We’ll discuss this shortly, but first, let’s align on the key concepts of the optimization process. Each optimisation problem consists of:
- Decision variables: Parameters that can be adjusted in the model, typically representing the levers or decisions we want to make.
- Objective function: The target variable we aim to maximize or minimize. It goes without saying that it must depend on the decision variables.
- Constraints: Conditions placed on the decision variables that define their possible values. For example, ensuring the team cannot work a negative number of hours.

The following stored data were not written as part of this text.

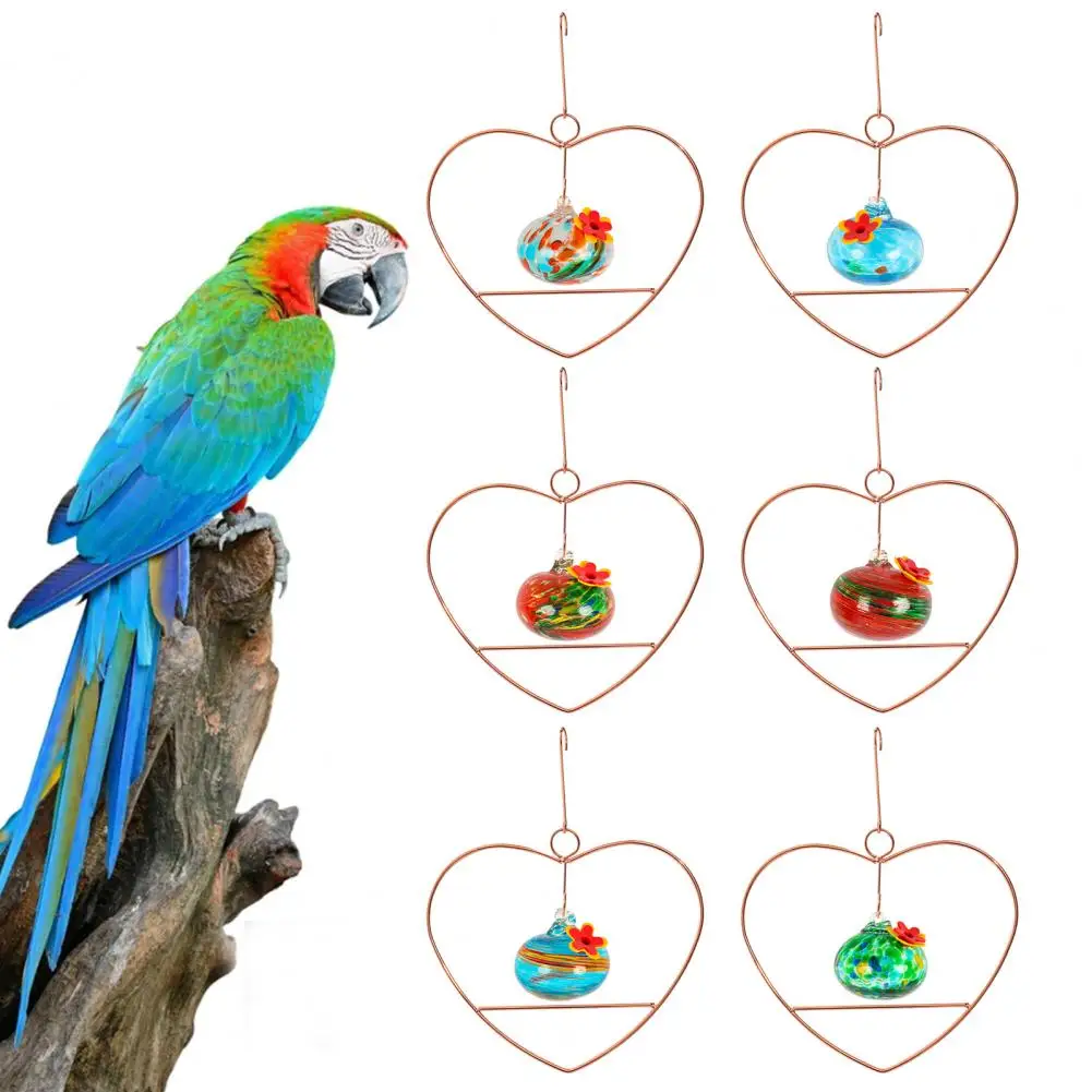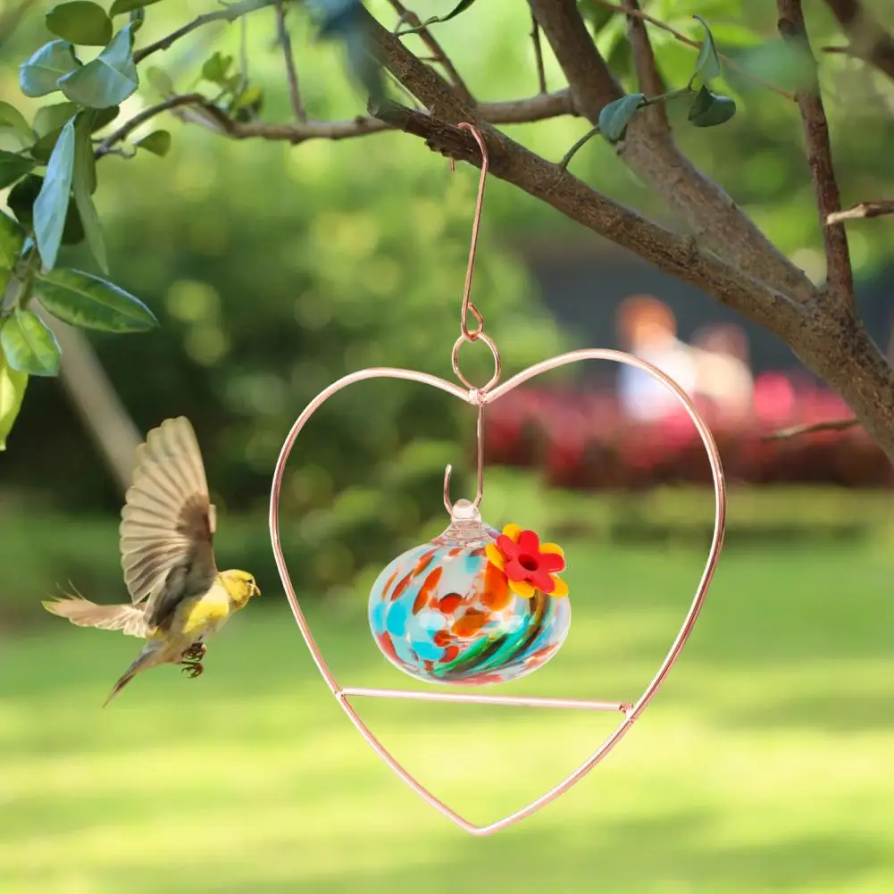 Alimentador de colibrí en forma de corazón, alimentador de agua colgante con percha, botella de vidrio colorida, marco de alambre, alimentador de colibrí para porche, patio, jardín al aire libre
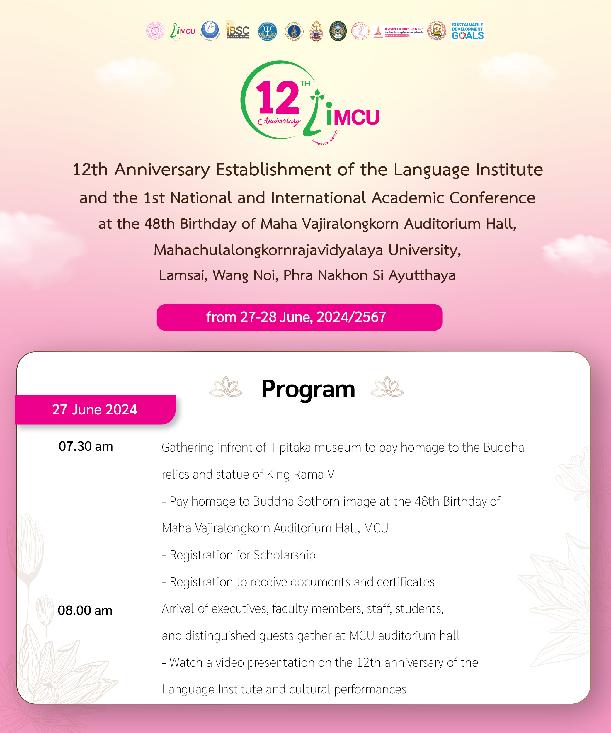 You are cordially invited to join the 12th Anniversary of the Establishment of the Language Institute of Mahachulalongkornrajavidyalaya University
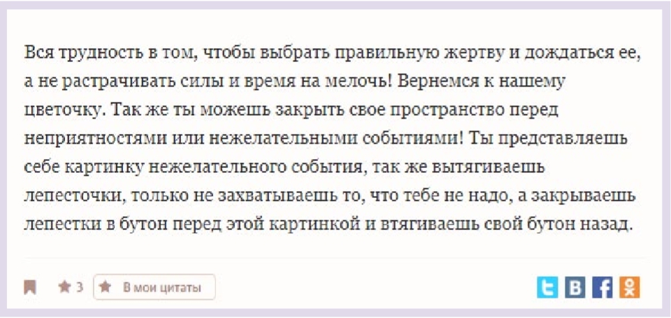 Это лишь часть интересов «нежной женщины, отдающей ответственность мужчине» (какой ее представляют поклонницы) Ларисы Ренар. Она любит повторять фразу психолога Мэрилин Аткинсон: «Посланник — не всегда есть послание». Учитель не всегда хорош в том, чему он учит, — важнее его умение передавать знание. Нынешняя политическая и общественная деятельность призвана расширить горизонт влияния фам фаталь Ларисы Ренар до максимума. А для ее читательниц рекомендация прежняя: носите юбочки, включайте «девочку», дышите «маточкой», и дай вам Бог мужчину с числом 17.
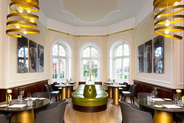 Innenarchitekt Olaf Kitzig über das Zusammenspiel von historisch und modern: „In den Räumen von 1842 fanden wir Stuck sowie eine authentische Feuerstelle vor. Sie konnten wie die Decke aus Tiffanyglas erhalten bleiben. So entsteht Spannung zwischen dem Baudenkmal und dem neuen Interior.”
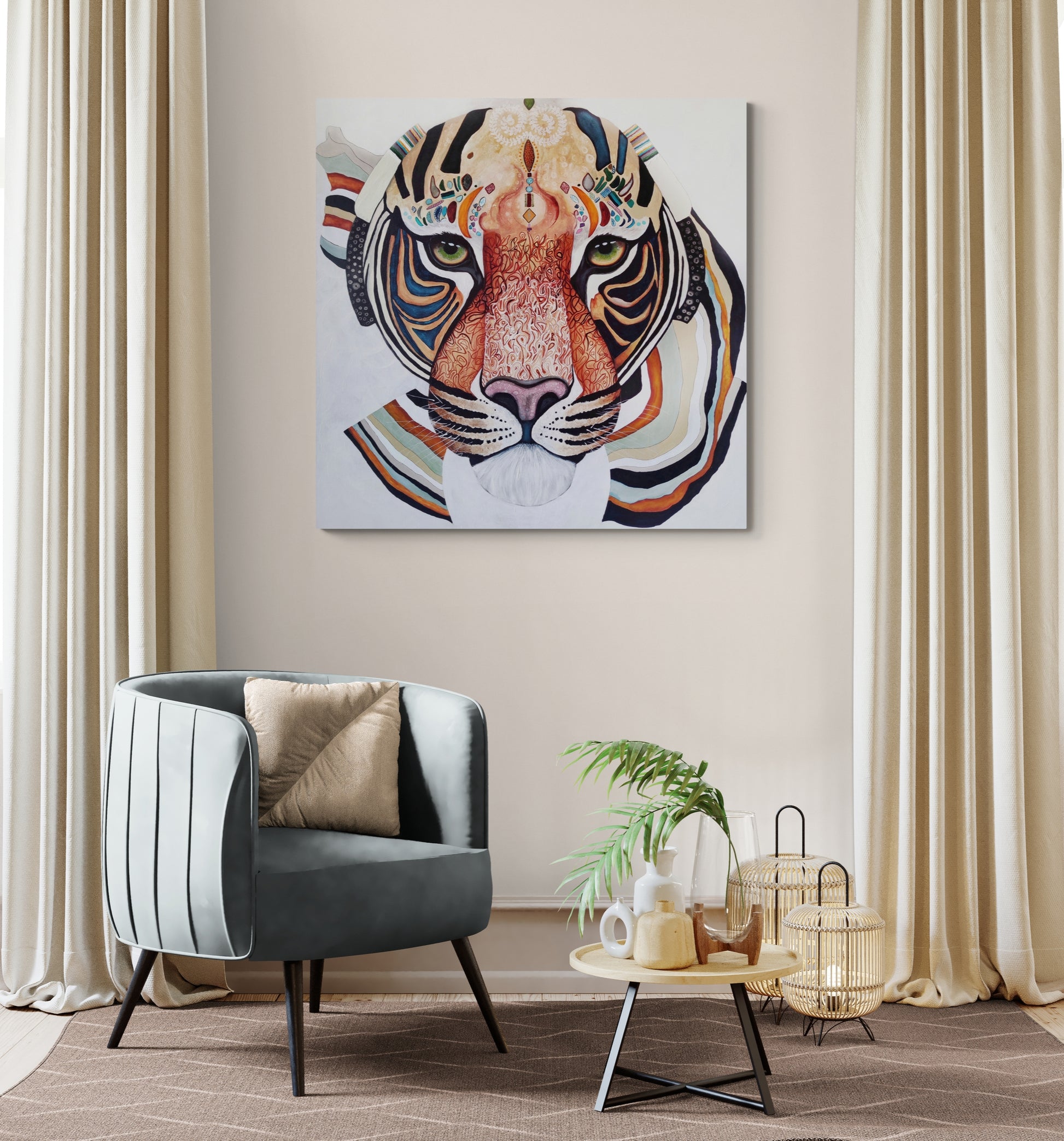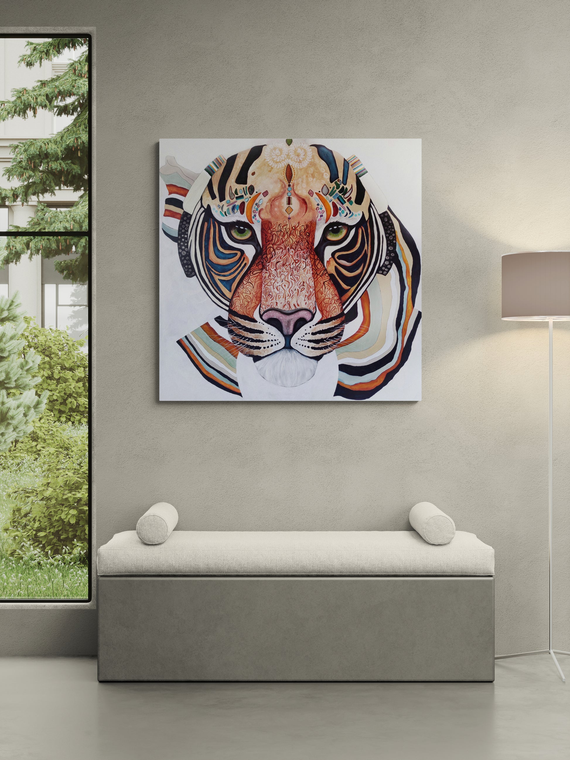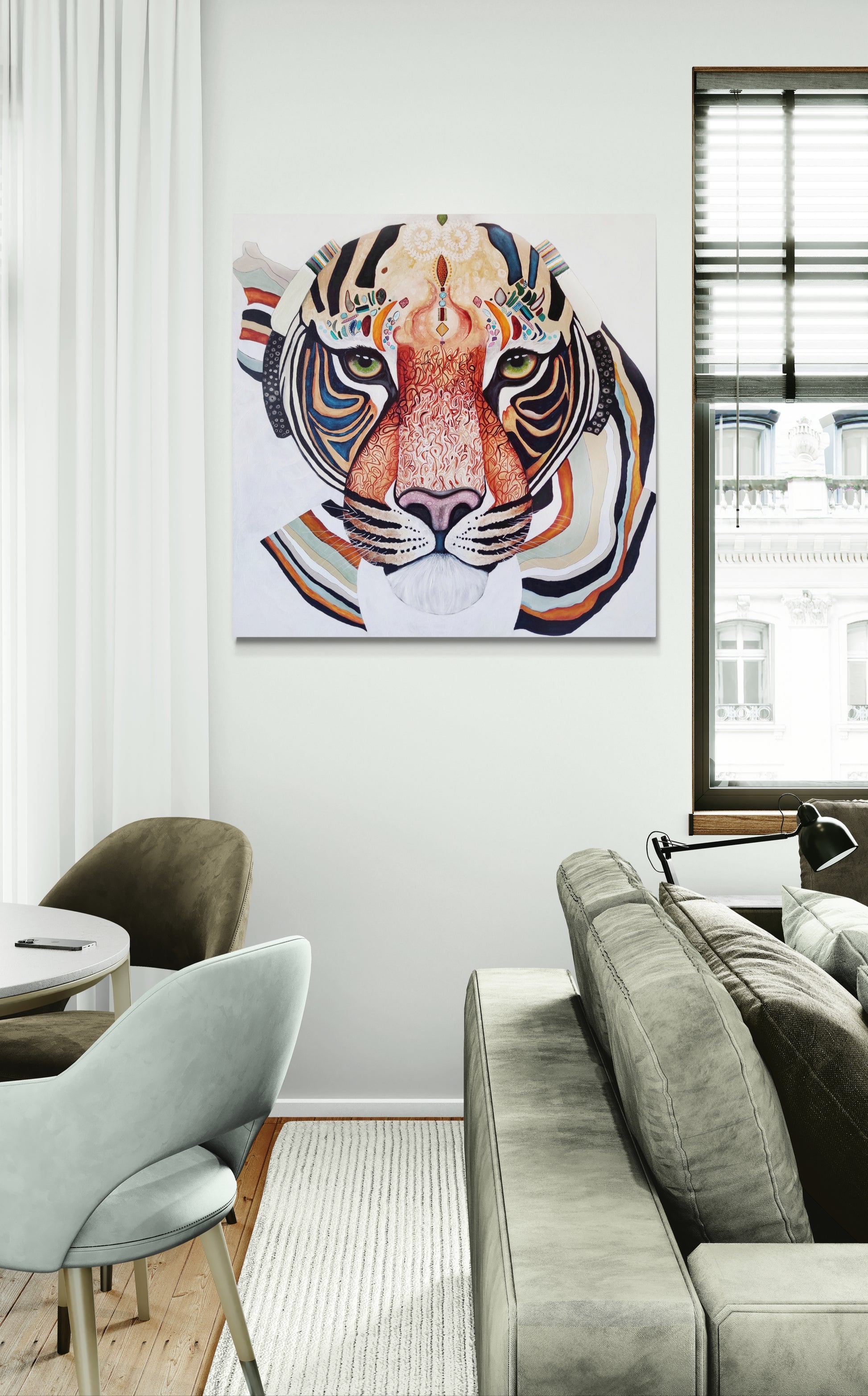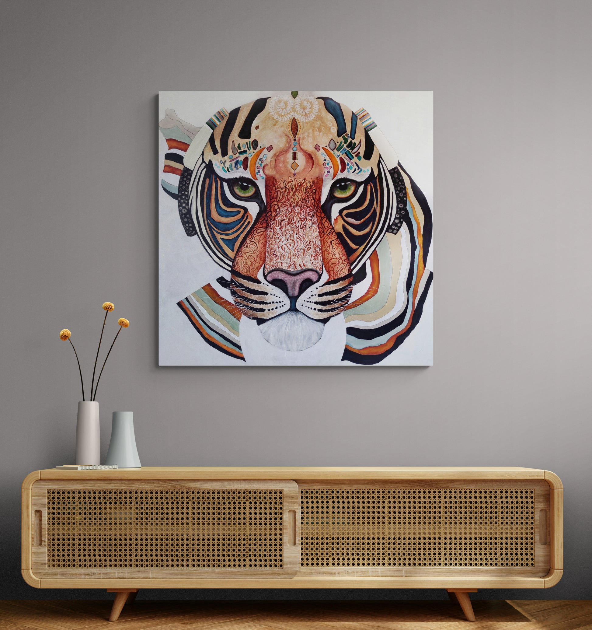 Detta konstverk känns som en hyllning till både styrka och stillhet – ett porträtt där jag försökt fånga tigerns själ som blir till ett helt universum av färger och mönster

With these basic concepts in mind, we can define Linear Programming as a scenario where the following conditions hold:
- The objective function is linear.
- All constraints are linear.
- Decision variables are real-valued.
Integer Programming is very similar to Linear Programming, with one key difference: some or all decision variables must be integers. While this may seem like a minor change, it significantly impacts the solution approach, requiring more complex methods than those used in Linear Programming. One common technique is branch-and-bound. We won’t dive deeper into the theory here, but you can always find more detailed explanations online.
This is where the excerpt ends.